The majority (53/64, 82.8%) of the tumors were moderately differentiated (grade 2) followed by poorly differentiated (9/64, 14.1%) and well differentiated (2/64, 3.1%) in this study. In the study of Al-Jussani et al., that majority of CRCs were grade 2 (89.8%) as compared to other grades. 16 Lee et al. (2012) also found higher frequency (83%) of grade 2 tumors in their studies. 12 The study by Shan et al. (2019) also found that out of the 80 patients, 46 patients (57.5%) had grade 2 cancers. 2 Similarly in an Indian study by Gupta et al.,(2020) observed that majority of CRCs were in grade 2 as compared to other grades. 13 Hence, the finding of this study is similar to other studies.

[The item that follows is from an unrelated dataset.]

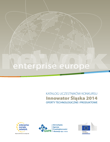 enterprise europe KATALOG UCZESTNIKÓW KONKURSU Innowator Śląska 2014 OFERTY TECHNOLOGICZNE I PRODUKTOWE SIEDZIBA REDAKCJI: Górnośląska Agencja Przedsiębiorczości i Rozwoju sp. z o.o. Regionalne Centrum Innowacji i Transferu Technologii ul. Wincentego Pola 16, 44-100 Gliwice tel. 32 33 93 110 fax: 32 33 93 117 [email protected] www.gapr.pl ZESPÓŁ REDAKCYJNY: Łukasz Szojda Katarzyna Wadiak Marek Wasilewski MATERIAŁ INFORMACYJNY ORAZ FOTOGRAFIE UDOSTĘPNIONE PRZEZ: Zespół redakcyjny, przedsiębiorstwa i instytucje sektora badawczo-rozwojowego uczestniczące w konkursie Innowator Śląska 2014 OPRACOWANIE GRAFICZNE WE WSPÓŁPRACY: Drukarnia KOLUMB, www.drukarniakolumb.pl, [email protected] 2 INNOWATOR ŚLĄSKA Górnośląska Agencja Przedsiębiorczości i Rozwoju sp. z o.o. jest partnerem międzynarodowego projektu Enterprise Europe Network. Projekt realizowany jest od 2008 r. Sieć stanowi grupa ok. 600 instytucji z całej Europy i nie tylko, które współpracując ze sobą wspierają przedsiębiorstwa i instytucje naukowo–badawcze w poszukiwaniu międzynarodowych partnerów handlowych, technologicznych i naukowych. Głównym zamierzeniem działań realizowanych w ramach projektu jest pomoc polskim firmom z sektora MŚP oraz instytucjom badawczym w nawiązywaniu współpracy biznesowej z zagranicznymi partnerami. Cała Sieć wspiera transfer technologii oraz działania na rzecz wzrostu konkurencyjności firm i instytucji naukowych poprzez promocję ich najnowszych rozwiązań. Ośrodek Enterprise Europe Network przy GAPR sp. z o.o. OFERUJE: USŁUGI: • szkolenia, warsztaty, seminaria • p omoc doradcza i informacyjna dla przedsiębiorstw i instytucji badawczych • bezpośredni kontakt z klientami • identyfikacja innowacyjnych rozwiązań dla firm (głównie z sektora MŚP) i instytucji naukowych WSPIERA: • poszukiwania międzynarodowych partnerów handlowych, technologicznych i naukowych • informowanie o rynkach europejskich • promocję innowacyjnych rozwiązań i technologii • informowanie o formach publicznego wsparcia finansowego ORGANIZUJE: • promocja lokalnej przedsiębiorczości w Europie • m isje gospodarcze, spotkania brokerskie przy znanych targach wystawienniczych, dni o transferze technologii • p romocja uczestnictwa polskich podmiotów w projektach Programu Ramowego Horyzont 2020 Z myślą o innowacyjnych śląskich przedsiębiorstwach i instytucjach naukowo-badawczych, pracownicy projektu Enterprise Europe Network zorganizowali siódmą edycję konkursu Innowator Śląska. Kon- kurs skierowany jest do mikro, małych i średnich przedsiębiorstw oraz instytucji sektora badawczo-rozwojowego, które mogą poszczycić się sukcesami w opracowywaniu lub wdrażaniu nowych technologii, innowacyjnych rozwiązań produkcyjnych, usługowych, marketingowych czy organizacyjnych. CELE KONKURSU Innowator Śląska Innowator Śląska Organizacja konkursu związana jest nie tylko z wyborem najbardziej innowacyjnych firm i instytucji naukowych województwa śląskiego, ale również wieloma aspektami wpływającymi na rozwój naszego regionu. Poprzez organizację konkursu chcemy promować innowacyjność w działalności gospodarczej, naukowej śląskich przedsiębiorstw i instytutów, wspierać oraz promować dobre przykłady wdrażania innowacyjnych rozwiązań oraz zachęcać do poszukiwania nowych Województwo Śląskie Województwo Śląskie technologii, wprowadzania stosownych zmian w wewnętrznej organizacji pracy oraz podejmowania szkoleń w tym zakresie. W dalszej części katalogu mogą Państwo przeczytać informacje o firmach i instytucjach naukowych, które zdobyły nagrody, wyróżnienia oraz zakwalifikowały się do trzeciego etapu konkursu na najbardziej innowacyjne śląskie przedsiębiorstwo i instytucję sektora badawczo-rozwojowego. 3 m www.een.net.pl O konsorcjum O konsorcjum W Polsce ośrodki Sieci Enterprise Europe Network są skupione w czterech konsorcjach obejmujących swym zasięgiem cały kraj, są to: • Central Poland– 6 ośrodków na terenie 4 województw (mazowieckie, łódzkie, kujawsko-pomorskie, pomorskie), koordynator: Polska Agencja Rozwoju Przedsiębiorczości. Strona internetowa konsorcjum: www.een.org.pl • East Poland – 6 ośrodków na terenie 3 województw (podlaskie, warmińsko-mazurskie, lubelskie), koordynator: Lubelska Fundacja Rozwoju. Strona internetowa konsorcjum www.eennep.pl • West Poland – 9 ośrodków na terenie 5 województw (zachodniopomorskie, lubuskie, wielkopolskie, dolnośląskie, opolskie), koordynator: Wrocławskie Centrum Transferu Technologii Politechniki Wrocławskiej. Strona internetowa konsorcjum: www.westpoland.pl • South Poland – 9 ośrodków na terenie 4 województw (śląskie, małopolskie, świętokrzyskie, podkarpackie), koordynator: Świętokrzyskie Centrum Innowacji i Transferu Technologii sp. z o.o. Strona internetowa konsorcjum: www.een.net.pl W skład konsorcjum działającego na terenie Polski Południowej wchodzi dziewięciu partnerów: • Świętokrzyskie Centrum Innowacji i Transferu Technologii sp. z o.o. – www.it.kielce.pl • Politechnika Krakowska Centrum Transferu Technologii – www.transfer.edu.pl • Staropolska Izba Przemysłowo – Handlowa w Kielcach – www.siph.com.pl • Izba Przemysłowo – Handlowa w Krakowie – www.iph.krakow.pl • Górnośląska Agencja Przedsiębiorczości i Rozwoju sp. z o.o. – www.gapr.pl • Fundusz Górnośląski S.A. – oddział w Katowicach – www.oddzial.fundusz-silesia.pl • Rzeszowska Agencja Rozwoju Regionalnego S.A. – www.rarr.rzeszow.pl • Stowarzyszenie Grupy Przedsiębiorców Przemysłu Lotniczego „Dolina Lotnicza” – www.dolinalotnicza.pl • Wyższa Szkoła Informatyki i Zarządzania w Rzeszowie – www.wsiz.rzeszow.pl Działalność ośrodków sieci opiera się na zasadzie „zawsze właściwych drzwi”, co w praktyce oznacza nieodsyłanie petenta. Wszystkie MSP otrzymają informacje i dostęp

In this study, PD-L1 staining was done with 28-8 clone. Positive expression was seen in 21.9% (14/64) of the cases. On the basis of imuuno-reactivity score of PD-L1 positivity, 17.2% (11/64) cases showed low expression and only 4.7% (3/64) showed high expression. No expression was seen in 78.1% (50/64) of cases. Similar result was found in the study of Noh et al., which showed more cases having low expression of PD-L1 than high expression. 9 Among the 58 CRCs studied by Jung et al., PD- L1 (28-8 clone) expression was detected in 18 (31%) cases. 17 The study of Kim et al., conducted on patients with CRC, showed that 20.9% of cases of CRC were PD-L1 (sp142 clone) positive similar to current study. 18 In the study of Gupta al. (2020), PD- L1 (Biocare kit) positivity of tumor cells was seen in 35% CRC cases. 13 In the study of Lang-Schwarge et al., PD-L1 (22c3 clone) positivity was seen in 30.5% CRC cases. 19 The variation in PD-L1 expression is due to use of different clones of PD- L1 and cut off values in different studies as shown by the studies. 15 Biocare kit in the study of Gupta et al., showed higher PD-L1 positivity in tumor cells than 28-8 clone. But it is not approved by FDA yet. Currently, 22C3 clone and 28-8 clone are the two FDA-approved companion diagnostic tests. 20 FDA has approved the anti- PD1 antibodies pembrolizumab (22c3 clone) and nivolumab (28-8) for the treatment of CRC. 21 Different studies showed more PD-L1 positivity using 22c3 clone rather than 28-8 clone. However, Nivolumab is one of the most extensively studied immune checkpoint inhibitor (ICI) in metastatic CRC. 22
High grade (grade 3) tumors had higher number (55.6%) of positive PD-L1 cases than low grade (grade I and II) tumors (16.4%). There was a statistically significant association between tumor grade and tumor PD-L1 status. These results are comparable with the study of Kim et al.(2016) where grade 3 tumors had the highest number (65%) of positive PD-L1 cases. 23 However, in the study of Calik et al., most of the PD-L1 positive tumors were grade II. There was no significant association between tumor grade and PD-L1 expression in the study. 24 Similar result was also seen in the study of Al-Jussani et al.16 However, In the study of Helmy et al., no significant association was found between PD-L1 expression and tumor grade. 25
Conclusion
On the basis of immuno-reactivity score (IRS), 21.9% of the tumors showed PD-L1 positivity in the present study. It also demonstrated association between PD-L1 expression and high grade (Grade-3) adenocarcinoma. Extensive research employing PDL1 antibody may facilitate the determination of the prognosis and potential therapy options for individuals suffering from colon cancer.